> **Dataset records**:
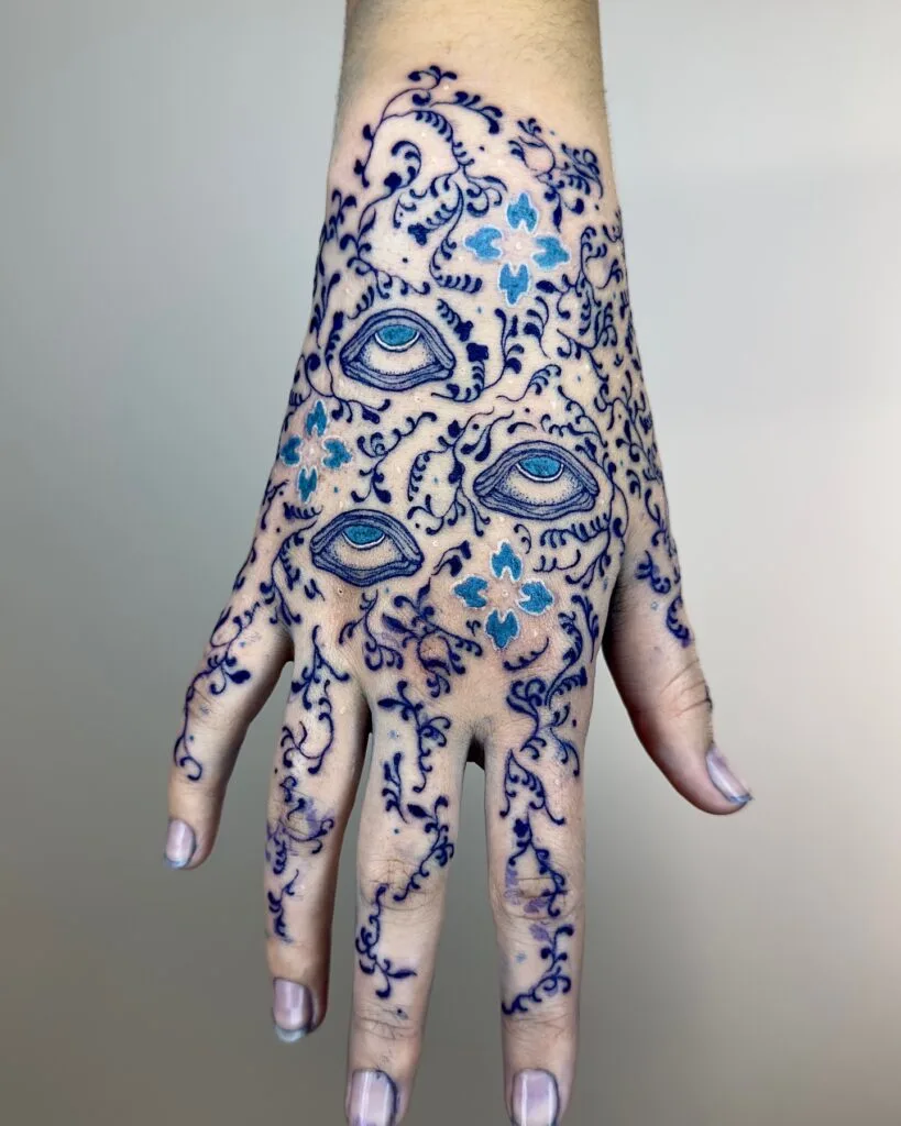 This unique hand tattoo features delicate ornamental designs intertwined with surreal blue eyes scattered across the skin. The intricate swirling patterns add a graceful, lace-like flow, creating contrast against the mysterious, all-seeing eyes.
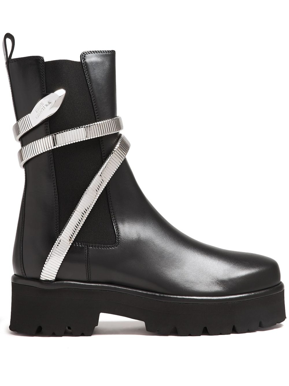 45mm Juniper boots Highlights - Black - Calf leather - Elasticated side panels - 45mm block heel - Pull-tab at the heel - Metallic snake detail - Round toe - Mid-calf length - Branded leather insole - Rubber lug sole Made in Italy Composition Leather 100% SIZE & FIT Measurement HEEL 1.96 in(5 cm) HEIGHT 8.46 in(21.5 cm) Sole height 1.37 in(3.5 cm)
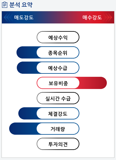 (위의 종목알파고 분석은 기업의 가치, 차트, 재무, 외인/기관 수급 등 과거 데이터를 분석하여 향후 주가의 방향을 예상 하였으며, 높은 수익률을 보장하지는 않습니다. 위의 자료는 투자 참고용으로 제시해 드리는 것이며, `종목알파고 유망종목 Top5`는 주식창앱에서 확인하실 수 있습니다.)
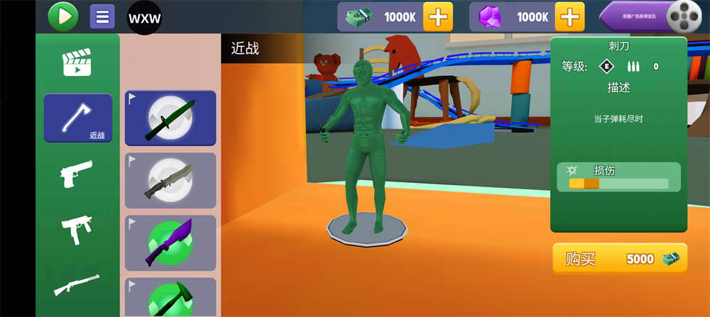 5、右上角可以切换动作或者武器,可以在购物车商城内购买新型防具和武器!
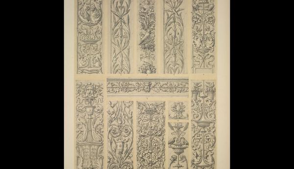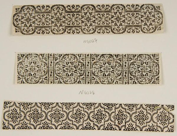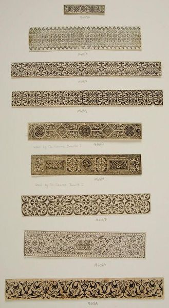 Curator: Here we have a series of five borders, simply titled "Border," crafted by an anonymous artist. They reside in the Harvard Art Museums. Editor: These linear designs seem incredibly intricate, almost dizzying. There's a density to the line work that's quite striking. Curator: Indeed. These borders likely served as decorative elements in books or manuscripts. Notice the recurring motifs—grotesques, foliage, and heraldic devices—reflecting the artistic conventions of the time. Editor: The way these motifs are interwoven creates a rhythm, a visual pulse. Some sections feel balanced, while others burst with chaotic energy. Curator: It's interesting to consider how such designs reinforced status. These borders elevated texts, adding a layer of prestige accessible only to a select audience. The imagery chosen communicated power and societal values. Editor: The varying widths of the lines give depth and texture, especially when you realize that this probably was meant to be seen in small scale. I can almost feel the pressure of the tool. Curator: Absolutely. It offers a glimpse into the cultural values embedded within these printed materials. Editor: I am left admiring the balance between ornamentation and functionality.

> **What you have to do**:
What's needed is an exact copy of the lines above from the one with "45mm Juniper boots" through the one with "5、右上角可以切换动作或者武器,可以在购物车商城内购买新型防具和武器!", both included; the pictures stay out.

> **Solution to the problem**:
 45mm Juniper boots Highlights - Black - Calf leather - Elasticated side panels - 45mm block heel - Pull-tab at the heel - Metallic snake detail - Round toe - Mid-calf length - Branded leather insole - Rubber lug sole Made in Italy Composition Leather 100% SIZE & FIT Measurement HEEL 1.96 in(5 cm) HEIGHT 8.46 in(21.5 cm) Sole height 1.37 in(3.5 cm)
 (위의 종목알파고 분석은 기업의 가치, 차트, 재무, 외인/기관 수급 등 과거 데이터를 분석하여 향후 주가의 방향을 예상 하였으며, 높은 수익률을 보장하지는 않습니다. 위의 자료는 투자 참고용으로 제시해 드리는 것이며, `종목알파고 유망종목 Top5`는 주식창앱에서 확인하실 수 있습니다.)
 5、右上角可以切换动作或者武器,可以在购物车商城内购买新型防具和武器!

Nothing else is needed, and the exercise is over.